The answer should be every line below, repeated exactly, with the images left out.

—————

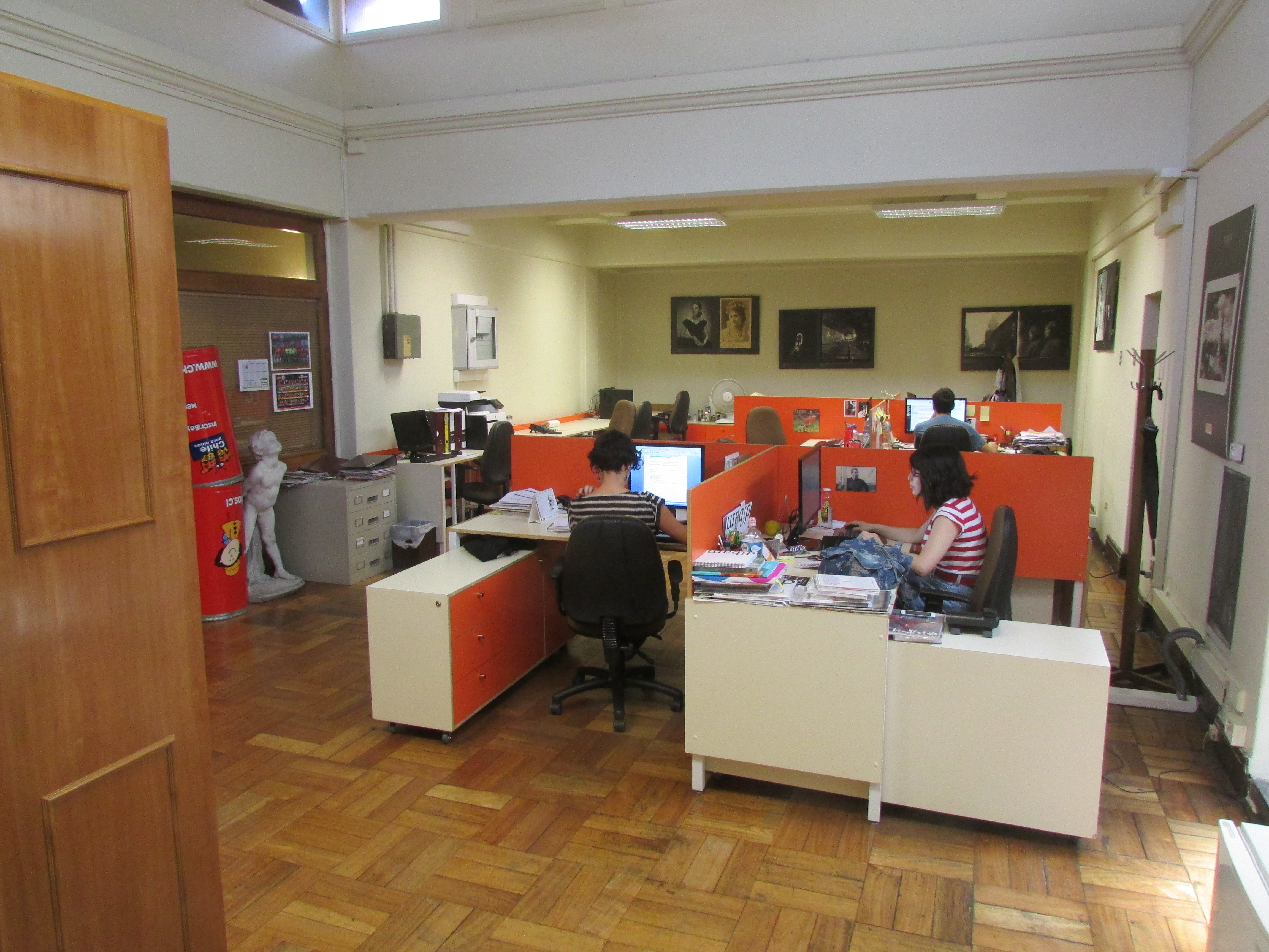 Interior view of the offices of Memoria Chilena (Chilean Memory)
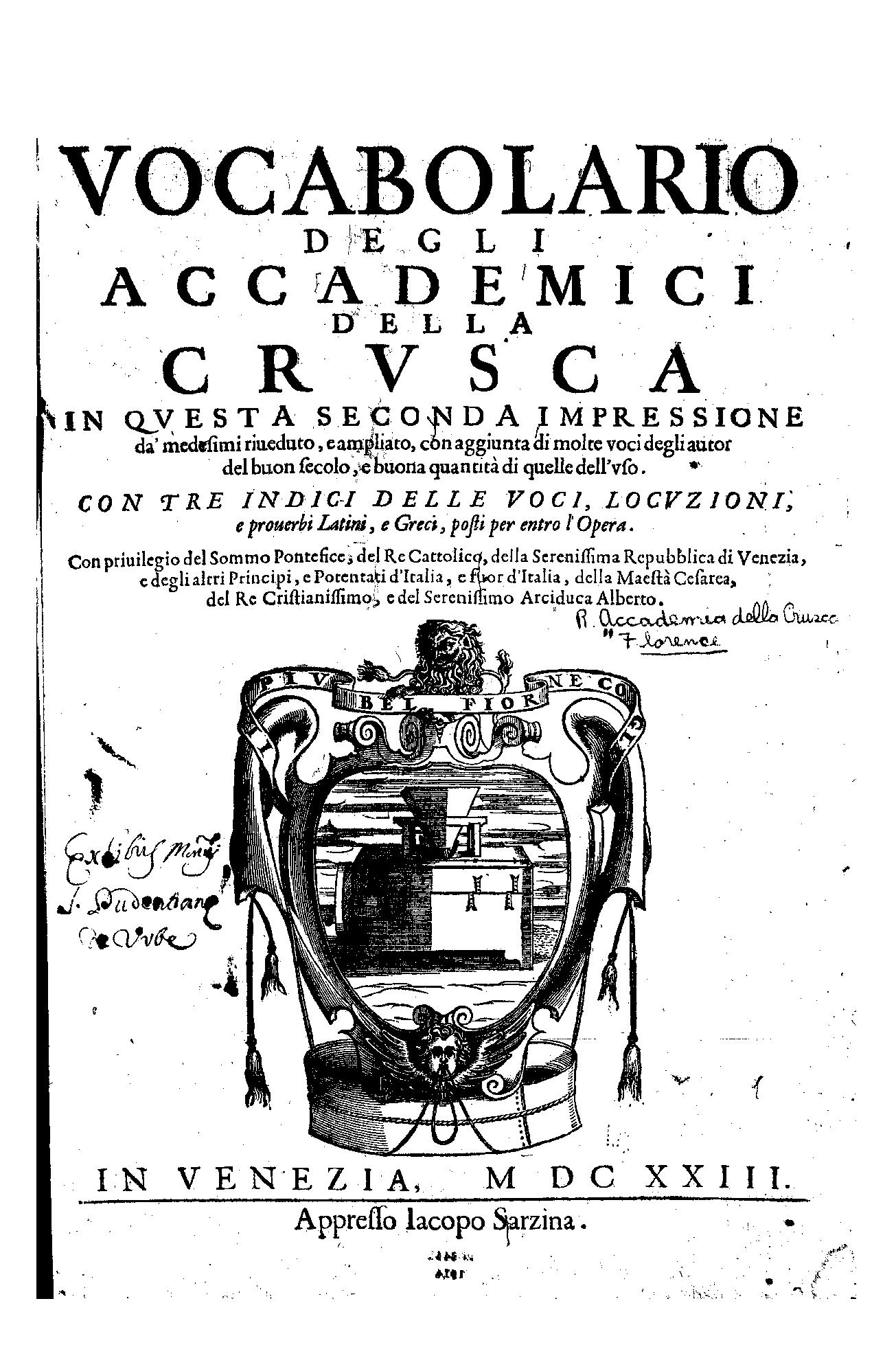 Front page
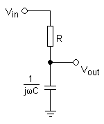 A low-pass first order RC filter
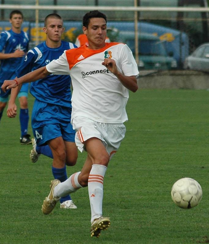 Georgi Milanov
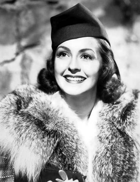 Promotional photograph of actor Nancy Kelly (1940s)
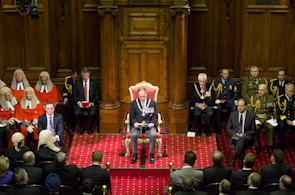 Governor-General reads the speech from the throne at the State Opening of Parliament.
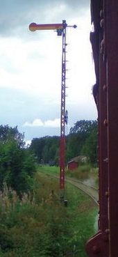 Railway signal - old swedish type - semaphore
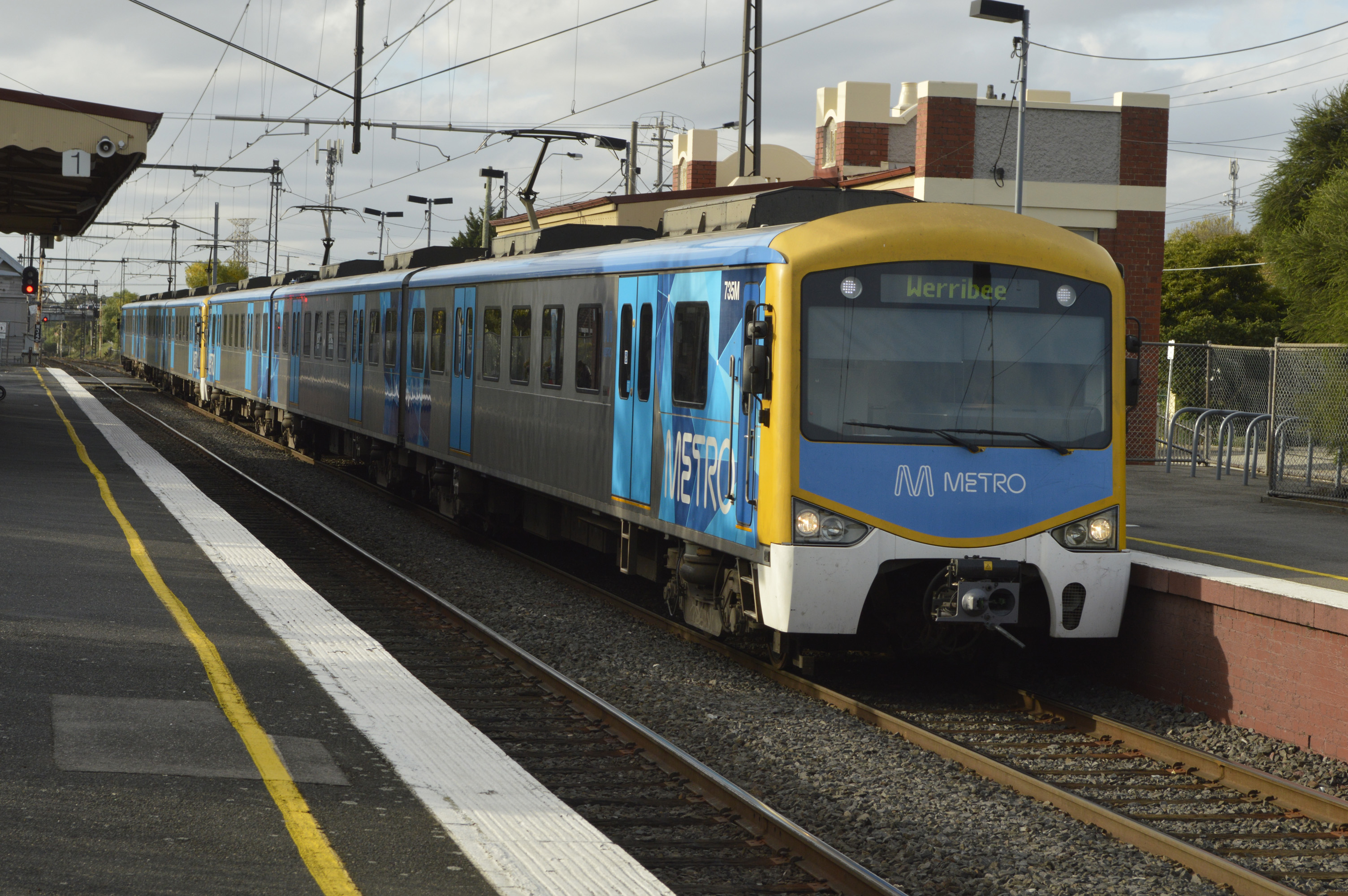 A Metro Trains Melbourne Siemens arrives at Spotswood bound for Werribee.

—————

■ **Result below**:
 Interior view of the offices of Memoria Chilena (Chilean Memory)
 Front page
 A low-pass first order RC filter
 Georgi Milanov
 Promotional photograph of actor Nancy Kelly (1940s)
 Governor-General reads the speech from the throne at the State Opening of Parliament.
 Railway signal - old swedish type - semaphore
 A Metro Trains Melbourne Siemens arrives at Spotswood bound for Werribee.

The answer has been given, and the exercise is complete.